A modernidade ocidental, conforme Wolkmer (2022), está associada à ordem capitalista, colonial e patriarcal, reproduzindo hierarquias raciais, culturais e epistêmicas. Nesse cenário, consolidou-se uma concepção de humanidade baseada na divisão entre superiores e inferiores, civilizados e bárbaros, modernos e tradicionais (QUIJANO, 2014). A expansão colonial europeia instituiu, assim, uma estrutura de dominação que articulou capitalismo, colonialismo e eurocentrismo em escala global.
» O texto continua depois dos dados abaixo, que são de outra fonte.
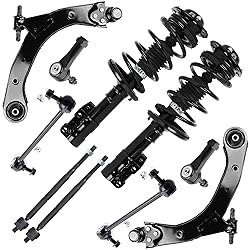 FITMENT: The Kit Fit for Chevy for Cobalt 2005-2010, for Chevy for HHR 2006-2011, for Pontiac for G5 2007-2009, for Pontiac for Pursuit 2005-2006 KIT INCLUDES: 1x 172179L Front Left Complete Struts; 1x 172179R Front Right Complete Struts; 1x K620301 Control Arm and Ball Joint Assembly; 1x K620302 Control Arm and Ball Joint Assembly; 2x K750012 Stabilizer Bar Link Kit; 2x ES800030 Tie Rod End; 2x EV80445 Tie Rod End STABLE OPERATION: Helps improve vehicle handling and stability. Minimize wheel vibration and body roll to ensure comfort, while reducing excessive body movement, enhancing grip and improving body stability OEM KIT: Complete Struts kit can be used directly to replace: 172179L 172179R K620301 K620302 ES800030 EV80445 K750012 COMPLETE PREMIUM KIT: Made of high-quality steel and fine welding design, it has a long service life while minimizing the stress and strain on the suspension springs, bushings and connecting rods, and enhancing the effective braking distance. In addition, the kit contains all the accessories you need, making repairs simple and easy
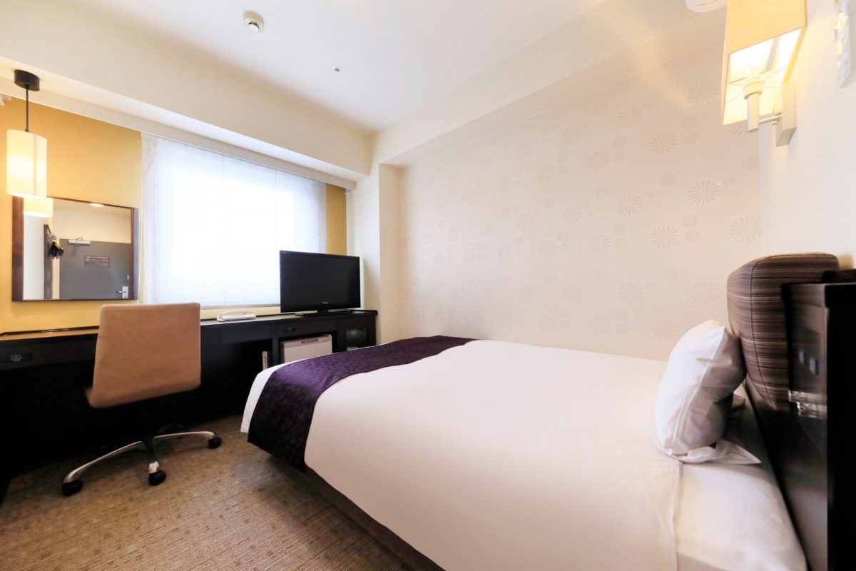 窓に面した広めのデスクをご用意しビジネス向けのシングルルーム。随所に加賀五彩の「黄土」を取り入れ、金沢らしさを表現しています。
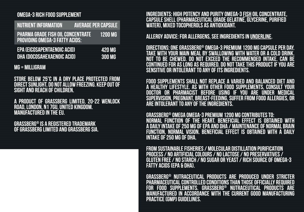 Az EPA és DHA zsírsavak tartalma magasabb, mint a hagyományos omega-3 kiegészítőké. A Grassberg Omega-3 Premium 1200mg lehetővé teszi, hogy naponta csak 3 tablettát vegyen be, mivel a termék egy tabletta 420 mg EPA-t (eikozatapentaénsavat) és 300 mg DHA-t (dokozahexaénsavat) tartalmaz.
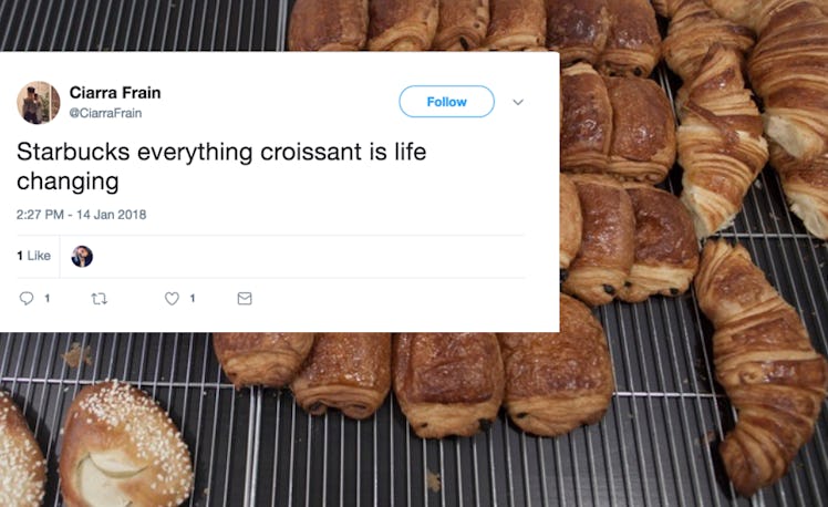 Most people have a go-to Starbucks order. Mine, for example, is usually one small soy latte and one Spinach Feta Wrap. But alas, it can change. Every time Starbucks comes out with a new menu item, my ordering patterns go totally out of whack, and I need to completely reconsider my options to avoid major Starbucks FOMO. So if you're willing to branch out and try something new, the tweets about Starbucks' new Everything Croissant might convince you to reconsider that regular order of yours.
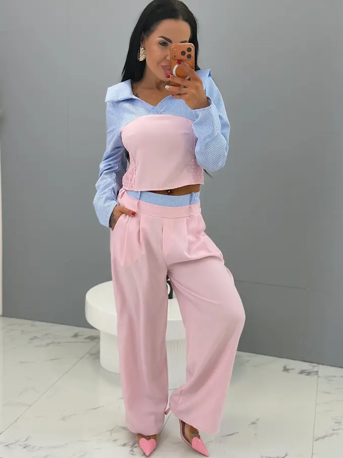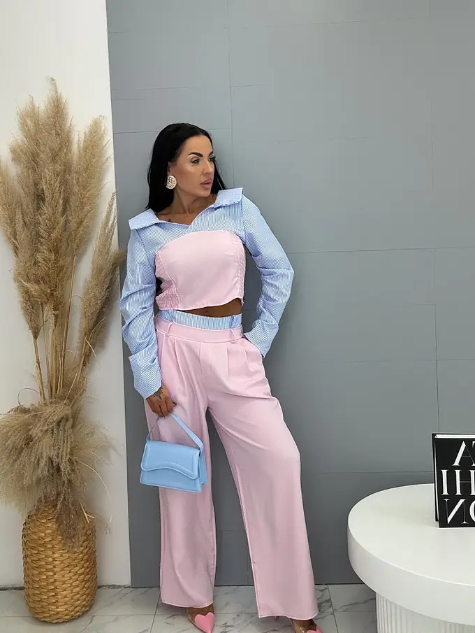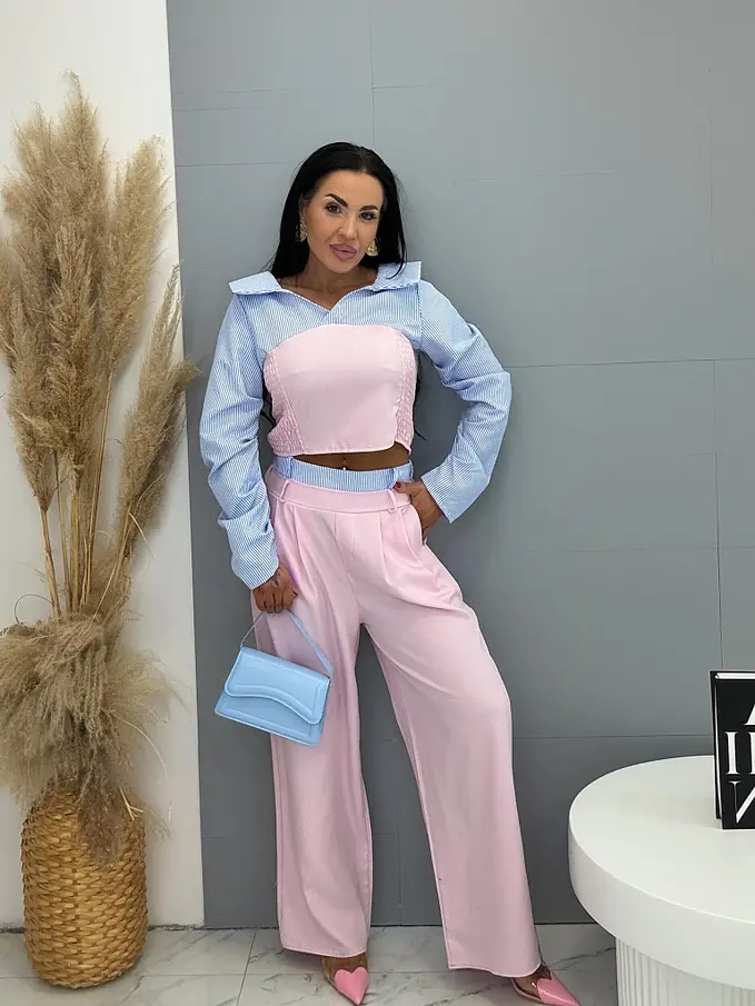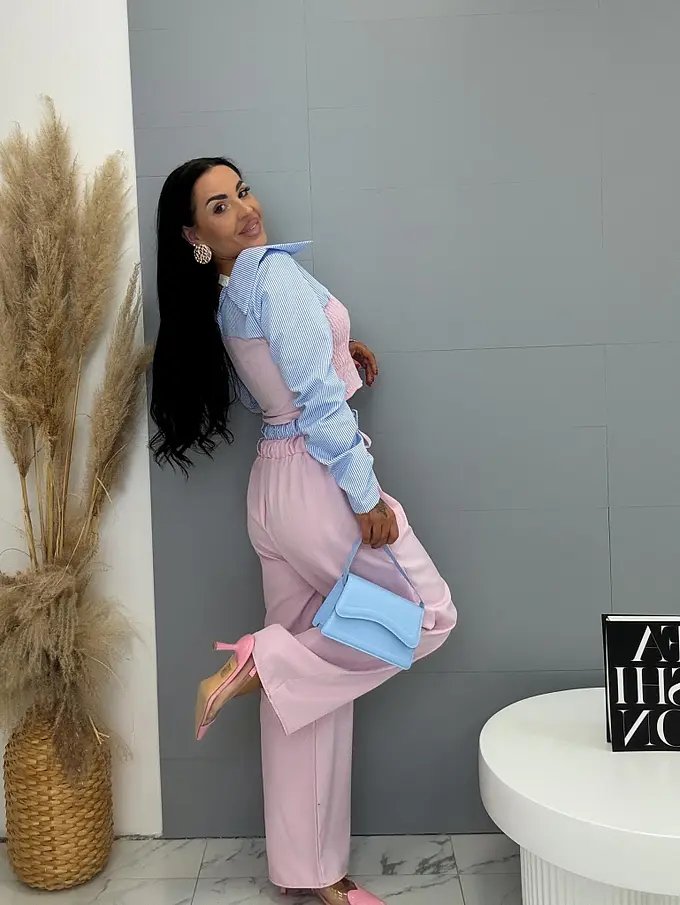 Elegantný a pohodlný komplet, ktorý sa pozostáva z blúzky a nohavíc. Materiál je príjemný ľahký. Blúzka s gumenou vsadkou na bočnej strane. Nohavice s bočnými vreckami a elastickým pásom.
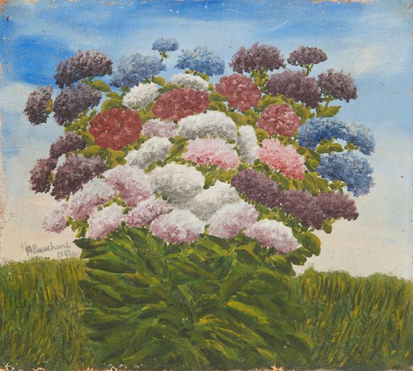 Editor: So, here we have Adolf Dietrich's "Margeritenstrauss mit Kanarienvogel," painted in 1954, using watercolors. It’s such a wonderfully detailed still life. All those daisies! What stands out to me is the contrast between the almost photographic realism of the daisies and the very simplified, almost naive background. What's your interpretation of that juxtaposition? Curator: The key is situating Dietrich within his historical context. He was celebrated as a ‘naïve’ or ‘outsider’ artist, a term loaded with art-world assumptions about who gets to make ‘real’ art and how it should look. Consider how the institutional art world of the mid-20th century, particularly in Europe, was wrestling with notions of high and low culture. By labeling Dietrich “naive,” were they elevating or marginalizing him? Editor: That's a good point. It’s like they’re simultaneously celebrating his unique vision while distancing him from "serious" artistic movements. But where do you think the flowers come in? Curator: The daisies themselves could be read as symbols of purity and innocence. Placing them with the canary—itself often a symbol of domesticity—within a simplified landscape offers a controlled vision of nature. Ask yourself, how does the careful arrangement of elements here relate to a broader social desire for order and simplicity in the post-war period? Was this simplicity real, or an idealized projection? Editor: It seems so straightforward at first glance, but it is more complex once you dig a little bit into it. Thank you. Curator: The point is to look beyond face value. It makes you think about not just the aesthetic, but the whole socio-political construction of art itself. It always comes back to who decides what’s worth looking at, doesn’t it?
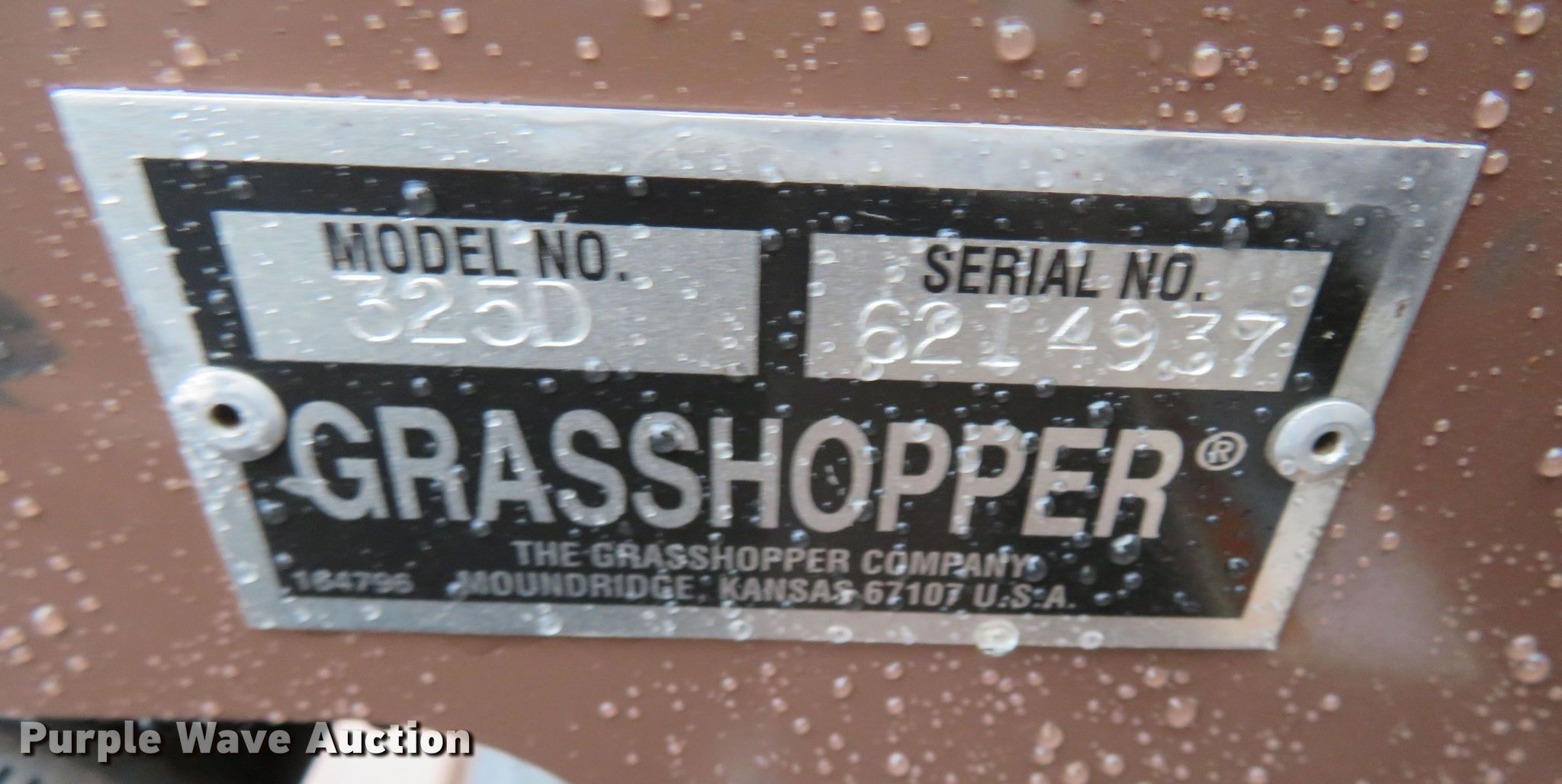 Purple Wave is selling a used Commercial Turf Mower in Missouri. This item is a 2011 Grasshopper 325D ZTR lawn mower with the following: Hours: 1,217 on meter, Cutting width: 72", Serial: 6214937
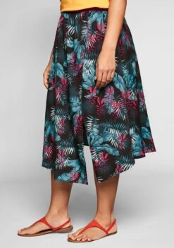 Rock in Maxilänge von sheego by Joe Browns. Das farbenfrohe, versetzt angelegte Muster macht aus jedem Teil ein Unikat. Der leicht ausgestellte Schnitt mit Stufen und Volant am Saum gibt dem Rock Schwung und verspielten Charme. Durch den elastischen Schlupfbund sitzt er bequem in der Taille, ein Bindeband dient als feminines Finish.
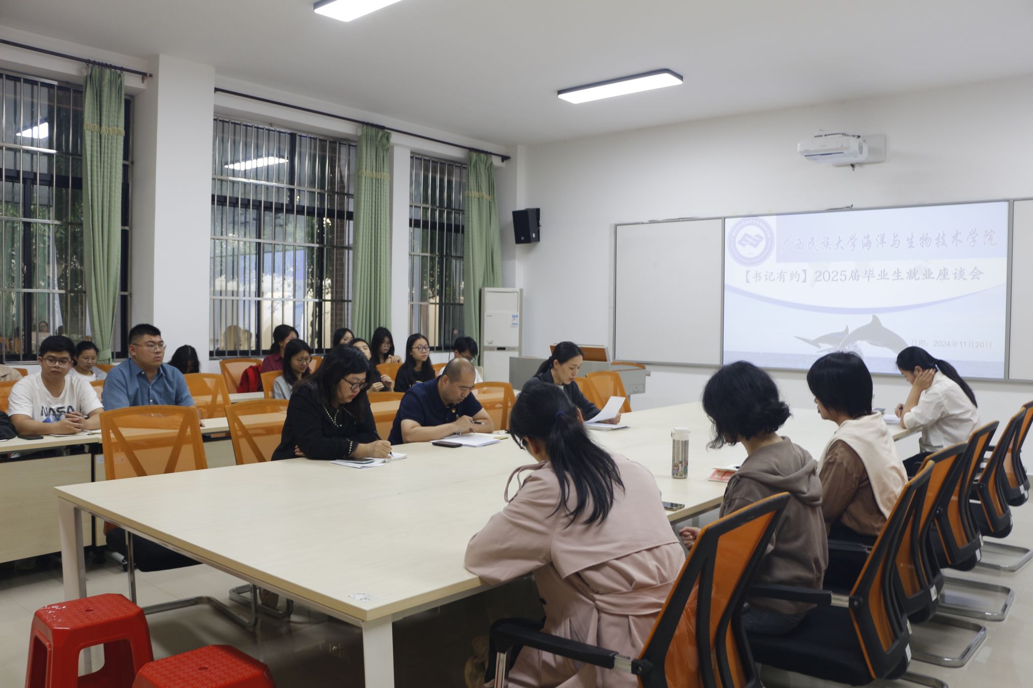 为全面了解fun88乐天使2025届毕业生的求职进展,帮助毕业生们解决在就业工作中遇到的困难,进一步推动毕业生尽早就业,11月20日下午,fun88乐天使于明德楼123会议室召开“书记有约”2025届毕业生就业座谈会,学院党委书记刘红全,党委副书记门媛媛,副院长张琴,2025届毕业班班主任及毕业生代表参加此次座谈会。

Walsh, Oliveira e Candau (2018) afirmam que a modernidade foi construída a partir da violência colonial e da negação da racionalidade dos povos não europeus. A colonização latino-americana instituiu uma ordem política e epistêmica fundada na dominação e na subalternização dos povos originários, legitimando a Europa como centro universal de conhecimento. Dessa forma, a modernidade consolidou-se como um fenômeno paradoxal de progresso europeu interno e opressão externa dos povos colonizados.

Por fim, a colonialidade do saber, do poder e do ser demonstra como essas estruturas de dominação permaneceram após os processos formais de independência. A hierarquia epistêmica construída pela modernidade eurocêntrica continua marginalizando conhecimentos não ocidentais e reproduzindo relações de dependência intelectual, política e cultural na América Latina.

4.2. Colonialidade do Poder, do Saber e do Ser

A modernidade e a colonialidade constituem processos inseparáveis, pois a modernidade europeia foi construída a partir da colonialidade, ocultando seu caráter violento e excludente (WALSH; OLIVEIRA; CANDAU, 2018). Enquanto o colonialismo refere-se à dominação territorial, política e econômica exercida por uma potência sobre outra população, a colonialidade corresponde à permanência dessas estruturas de poder mesmo após o fim formal da colonização (QUIJANO, 2020). Trata-se de um padrão de dominação que naturaliza hierarquias raciais, culturais, territoriais e epistêmicas, perpetuando relações de exploração e subalternização (BARBOSA; TEIXEIRA, 2017).

A colonialidade do poder, segundo Quijano (2020), funda-se na classificação racial e étnica da população mundial como eixo do sistema capitalista moderno. A ideia de raça foi utilizada como instrumento de legitimação da dominação colonial, posicionando povos indígenas, negros e mestiços em condição natural de inferioridade. Nesse contexto, a raça tornou-se critério central para distribuição de papéis sociais, econômicos e políticos dentro da estrutura de poder mundial (QUIJANO, 2020). Castro-Gómez (2018) observa que a colonialidade do poder amplia o conceito foucaultiano de poder disciplinar ao demonstrar que os mecanismos de controle moderno estão vinculados à relação colonial entre centros e periferias.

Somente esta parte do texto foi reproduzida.